Only top 3 Vendor INCO terms are considered for analysis as other terms have low shipment counts.

- Grouped bar chart is used to visualize on-time rate and average delay side-by-side for Vendor INCO terms.
- Stacked bar chart is used to visualize on-time rate vs. Vendor INCO term by Shipment mode. It also shows the proportions of on-time vs. delayed delivery counts.

##### 2. What is/are the insight(s) found from the chart?

- EXW(ExWorks) delivers mostly through air and has the highest on-time rate of 95%.
- Regional Distribution Centers deliver mostly through air and truck modes. They experience lower on-time rate as compared to standard INCO Terms.

##### 3. Will the gained insights help creating a positive business impact?
Are there any insights that lead to negative growth? Justify with specific reason.

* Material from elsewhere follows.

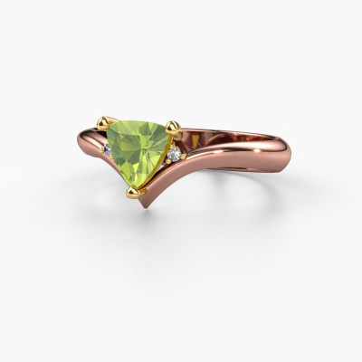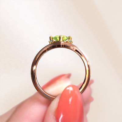 This ring called Arlette is made of 14 Carat rose gold and is set with peridot. Are you in the market for a unique rose gold ring with a modern twist? Then this ring might suit you. Simply customize to your or her liking. It suits the contemporary

It is clear that Vendor INCO terms influence the on-time rate. Regional Distribution centers do not follow standard PO flow and there is a need to negotiate business terms with them to improve delivery efficiency.

#### Chart - 13

In [None]:
# Chart - 13 visualization code
# Create a figure with two subplots side by side
fig, (ax1, ax2) = plt.subplots(1, 2, figsize=(14, 6))

# First heatmap - Overall correlation
heat_cols = ['Weight_KG_Clean', 'Line Item Insurance (USD)']
sns.heatmap(grouped_df[heat_cols].corr(), annot=True, cmap='coolwarm', center=0, ax=ax1, cbar=True)
ax1.set_title('Correlation between weight and insurance', fontsize=16, color='black', loc='center')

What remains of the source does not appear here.